Mode och moral - Begär och hushållning i svenska 1700-talspublikationer

Agneta Helmius


In this article I turn to the 18th century Swedish public debate on fashion and morality. In the Swedish ‘moral’ essay papers of the 1730’s fashion was portrayed as a woman named Madame la Mode who embodied the sin or desire of vanity or self interest. Her character and stories about how she seduced women and men were meant to be read as metaphors of how traditional society was threatened by ‘modernity’, by la mode. It is important to analytically separate the construction of gender symbolically and structurally. While Madame la Mode challenges traditional virtues of both men and women on a symbolic level, many small prints later in the 18th century argue that it is the upbringing – in a structural order – of bourgeois girls, by their greedy parents, that causes society’s tremor. This in turn should be remedied, says one of the participants in the debate, by public measures such as schools for girls and ‘household universities’. Fashion then, can be seen as the opposite of virtue i.e. morality.
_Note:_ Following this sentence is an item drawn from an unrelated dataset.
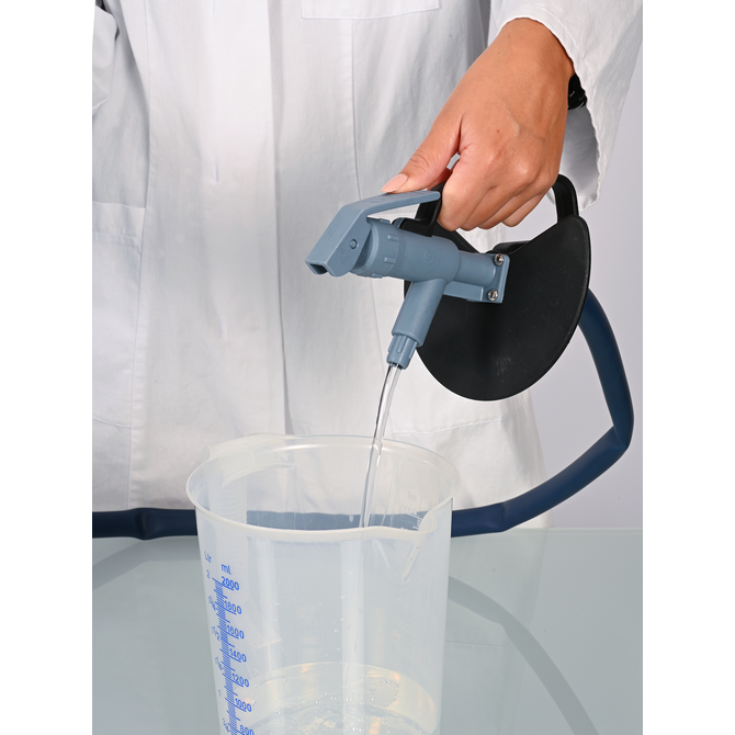 - Manguera de descarga de 1,5 m con válvula integrada: diseñada especialmente para la PumpMaster para líquidos petroquímicos

Contemporary fashion theorists – in this article I particularly mention two – seem to ignore the moral debate on fashion in the 18th and 19th centuries, just because it was moral, thereby forgetting the moral dimensions of fashion also later on. But if morality concerns the relations between individuals and society, and if fashion is about the exploitation of desire, then morals should be considered a significant part of the modern global economic fashion system.